Hij zal dat moeten doen in concurrentie of in samenwerking met de particuliere arbeidsvoorziening, met gemeentelijke diensten en met uitvoeringsinstanties op het terrein van de sociale zekerheid, die rekenschap en verantwoording moeten afleggen over hun activeringsbeleid. Deze verhoudingen zijn overigens nog niet duidelijk. Er zal, kort samengevat, sprake moeten zijn van een effectieve "productmix" en "cliëntenmix". De arbeidsconsulent zal een flexibele en mobiele kunstenaar moeten zijn.
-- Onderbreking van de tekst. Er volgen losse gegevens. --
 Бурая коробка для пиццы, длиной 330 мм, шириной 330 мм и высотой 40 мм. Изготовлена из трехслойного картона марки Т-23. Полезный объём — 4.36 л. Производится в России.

Een werkgever, en niet alleen een werkgever in de marktsector, zal de risico's van tewerkstelling van een moeilijk plaatsbare werkzoekende in een eenvoudig gestructureerde functie, pas aanvaarden als de arbeidsconsulent hem ervan kan overtuigen dat de betrokken kandidaat goed gemotiveerd is, met een normaal risico op ziekteverzuim, met voldoende leer- en ervaringsmogelijkheden, zodat hij nog kan doorgroeien. Loonkostensubsidies zijn daarbij niet van doorslaggevende betekenis. De werkgever zal de risico's afwegen tegen de vele andere mogelijkheden die hem ter beschikking staan. En als hij al tot tewerkstelling overgaat, zal hij vaak voorzichtig zijn, dus inlenen en tijdelijke arbeidscontracten sluiten. Op zich is dit laatste niet erg als het opmaten tot meer duurzame tewerkstellingen zijn. Te veel of verkeerd gerichte wettelijke dwang zal de werkgever daartoe niet aansporen.
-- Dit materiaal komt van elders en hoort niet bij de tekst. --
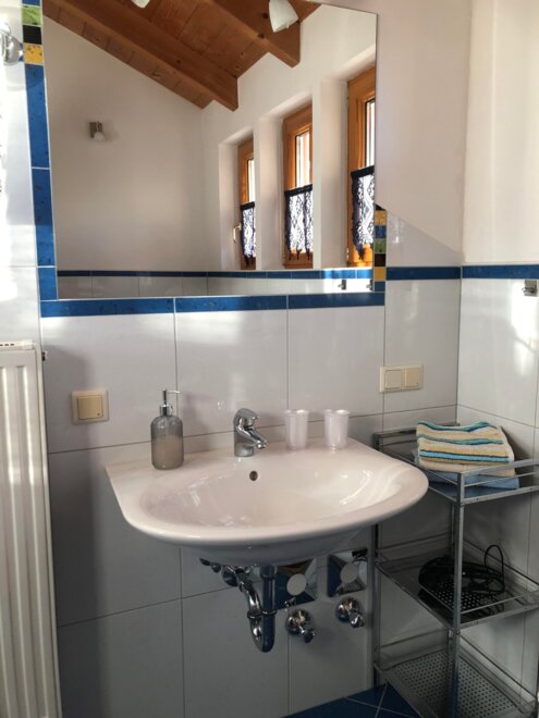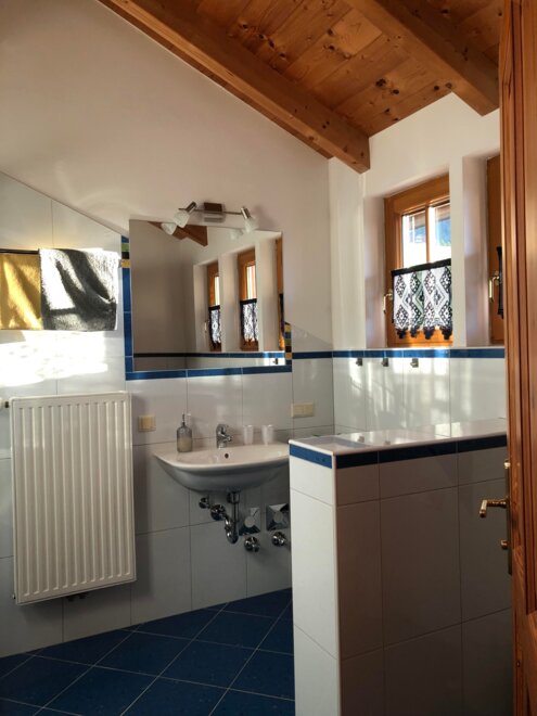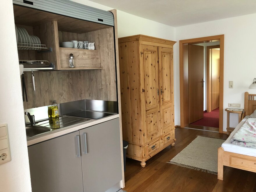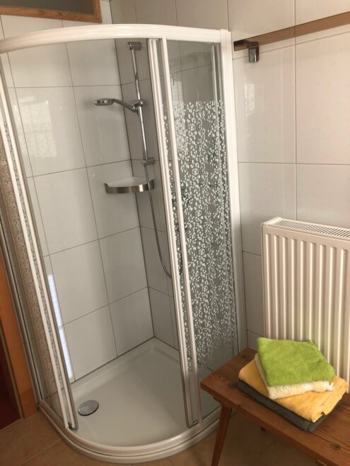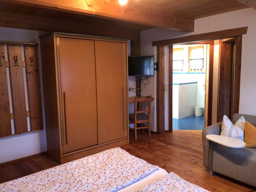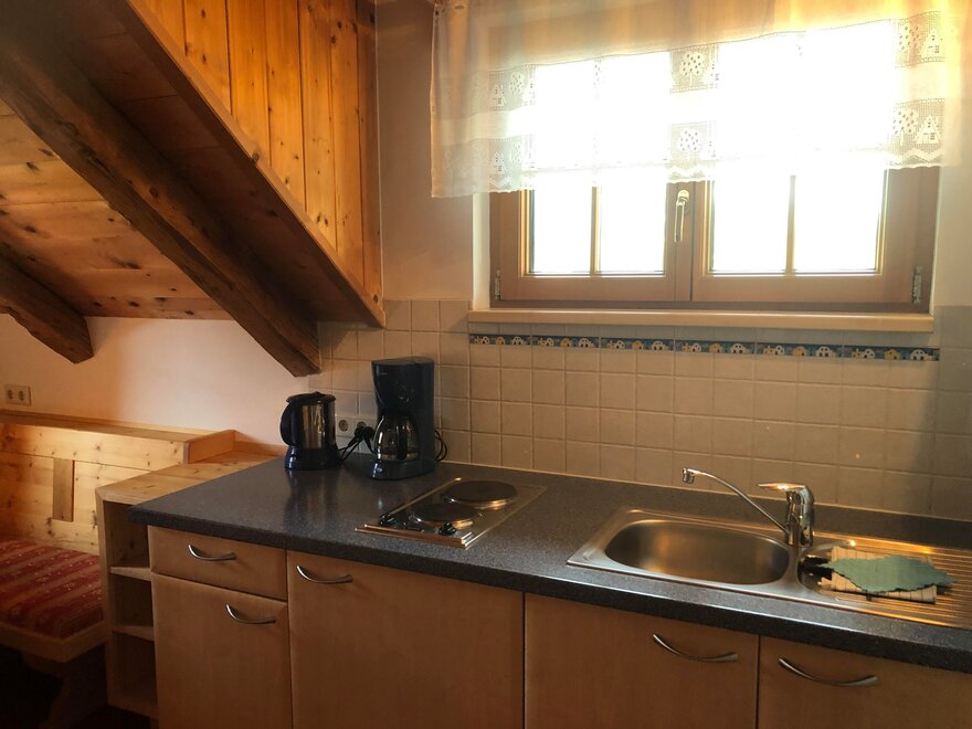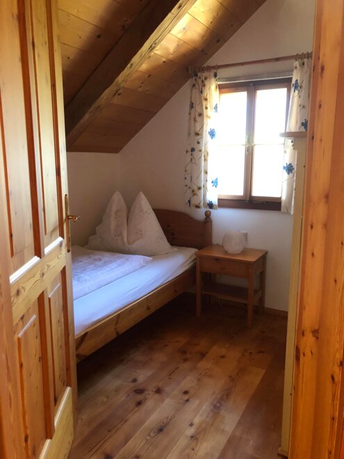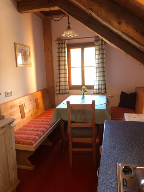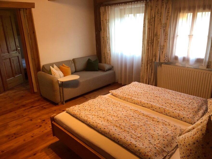 This cozy apartment is located on the 2nd floor of our farmhouse. It is suitable for a maximum of 3 adults or for families with 1 to 2 children. Here you will find a cozy bedroom with a double bed, a sofa bed, and a balcony with a view of the Schladminger Tauern. The second, small bedroom is usually used as a children's room. The bathroom offers all comforts, and in the cozy small kitchen, you can perfectly unwind after a day of vacation. The kitchen itself is equipped with a refrigerator, microwave, toaster, and stove.

In deze moeilijke taken van de regionale openbare arbeidsvoorziening is de daadwerkelijke steun van de regionale sociale partners en gemeenten onontbeerlijk. Dat is ook het geval met de steun van de vele instellingen, die de belangen van deze werkzoekenden behartigen. En met de constatering dat ook de openbare arbeidsvoorziening zo ingericht en georganiseerd moet zijn dat deze effectief op de arbeidsmarkt, met name in het onderste segment ervan, moet kunnen optreden, zijn wij weer terug bij het wetsvoorstel.
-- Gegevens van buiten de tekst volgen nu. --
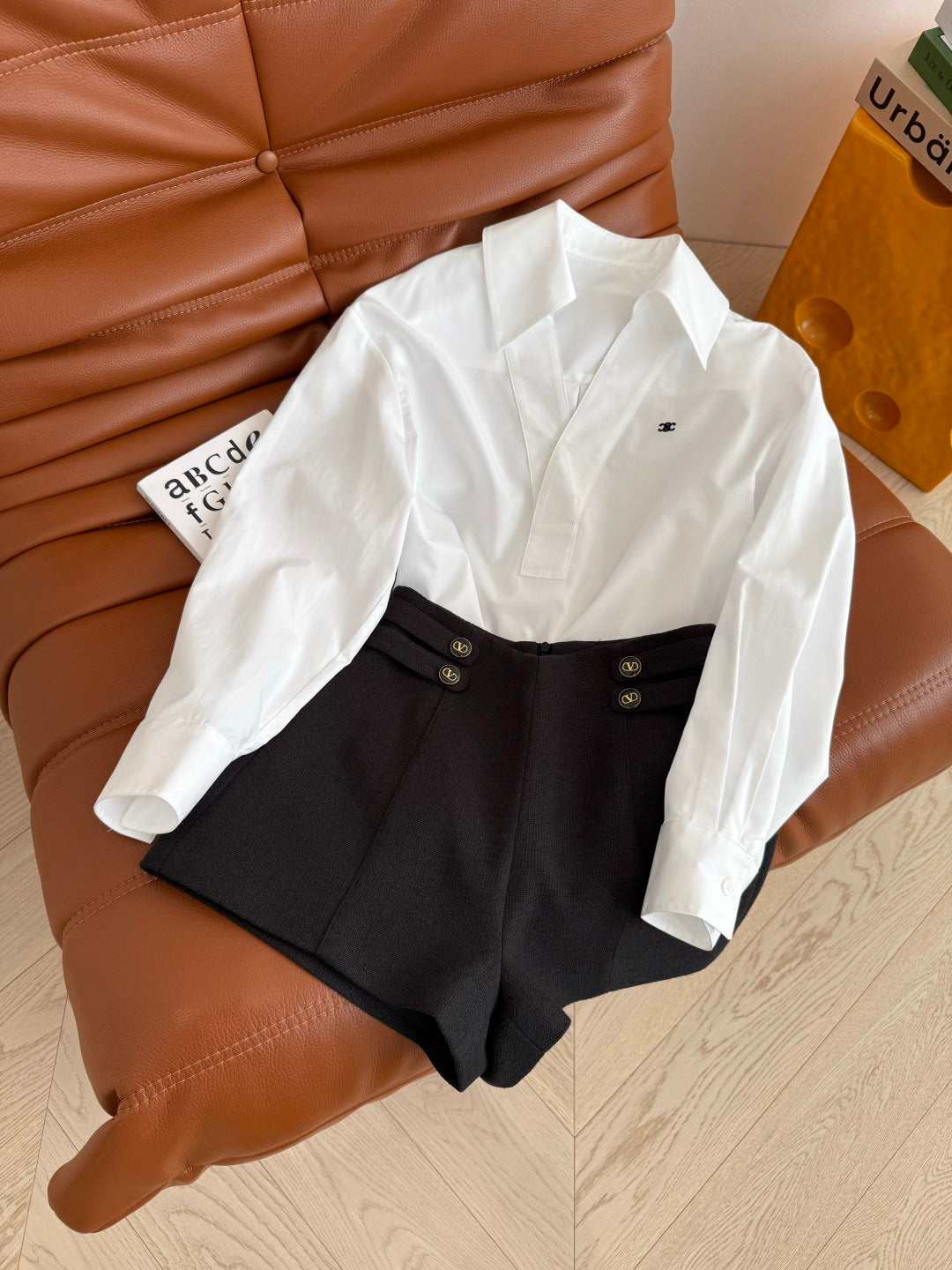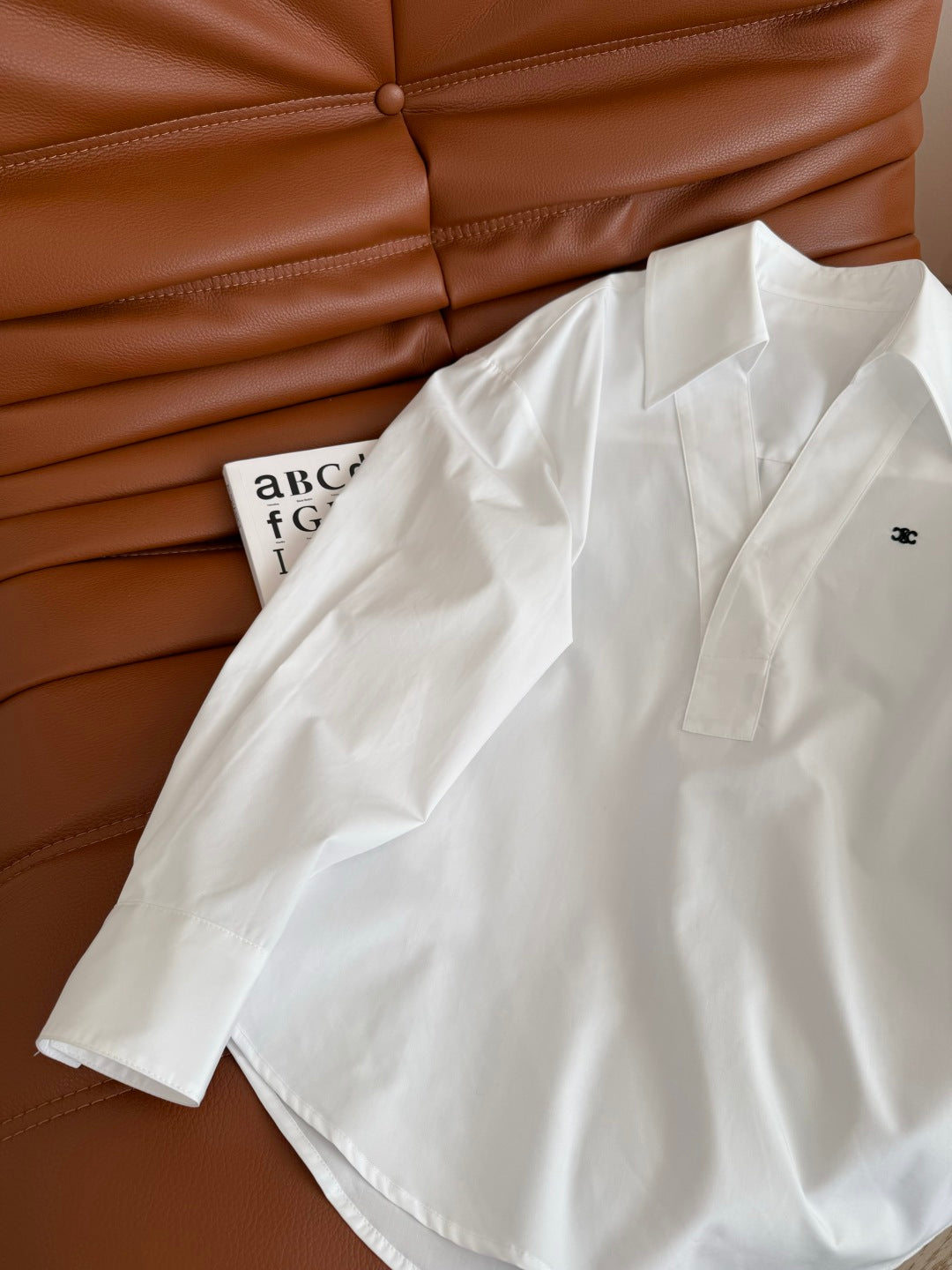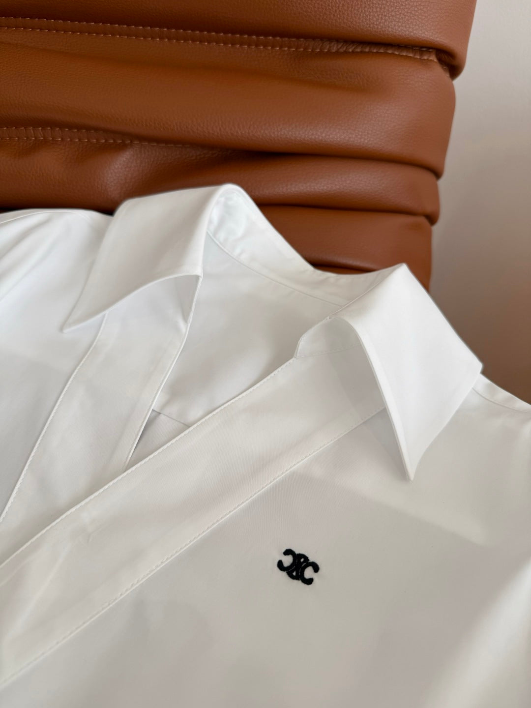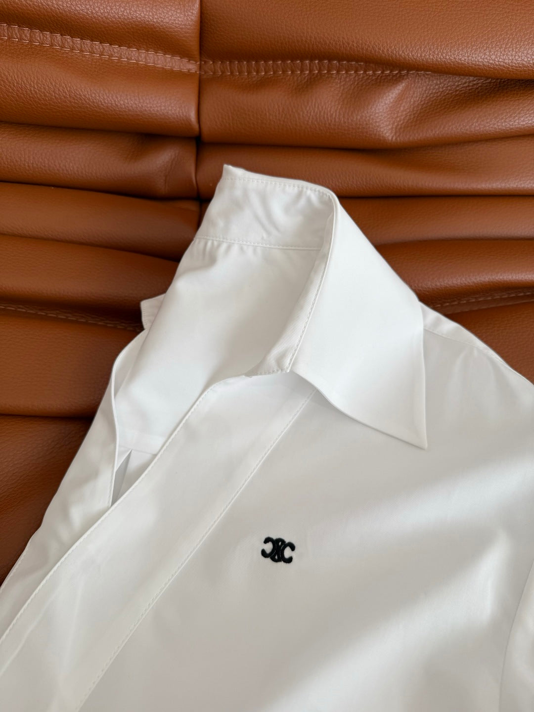 Celine 25 Arc de Triomphe Logo Embroidered V-neck Shirt White Cotton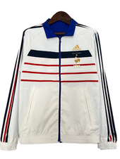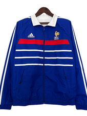 Fai un passo indietro nei giorni di gloria del calcio francese con il Giacca Retro Reversibile Francia 1998! Questa giacca unica celebra l'era trionfante quando la Francia, guidata da leggende come Zinedine Zidane, Didier Deschamps e Thierry Henry, sollevò la Coppa del Mondo FIFA 1998 in casa. Ora puoi indossare questa giacca iconica, che celebra un momento fondamentale nella storia del calcio.

Het wetsvoorstel beoogt voor de openbare arbeidsvoorziening een zelfstandig bestuursorgaan, een zogenaamd ZBO, in te richten. Dit bestuursorgaan kent twee geledingen in de arbeidsvoorzieningsorganisatie, te weten een op centraal niveau, te weten het CBA, en een in de regio's: de RBA's. Beide geledingen zijn tripartiet samengesteld. Het CBA met de vertegenwoordigers van werkgevers- en werknemersorganisaties en met onafhankelijke kroonleden. De CBA-leden worden bij Koninklijk besluit benoemd en de voorzitter wordt voorgedragen door de minister. De minister zelf is niet meer vertegenwoordigd in het CBA. Dat is een goede zaak. De leden van het CBA kunnen door de minister worden geschorst en bij KB ontslagen. De CBA-leden stemmen zonder last.

De RBA's bestaan uit vertegenwoordigers van de regionale werkgevers- en werknemersorganisaties en uit gemeentelijke vertegenwoordigers. De RBA-leden worden benoemd door het CBA en worden geschorst of ontslagen door het CBA of door de minister. Deze dubbeling is ons inziens overbodig. De RBA-leden stemmen ook zonder last. De RBA-voorzitter wordt uit het eigen midden gekozen of benoemd door het CBA.

Op centraal niveau is er een algemene directie die wordt benoemd door het CBA. Op regionaal niveau is er een regionale directeur die wordt benoemd door de algemene directie, onder verantwoordelijkheid van het CBA maar op voordracht van het regionaal bestuur. Het CBA is werkgever van de algemene directie; het RBA is dat niet van de regionale directeur.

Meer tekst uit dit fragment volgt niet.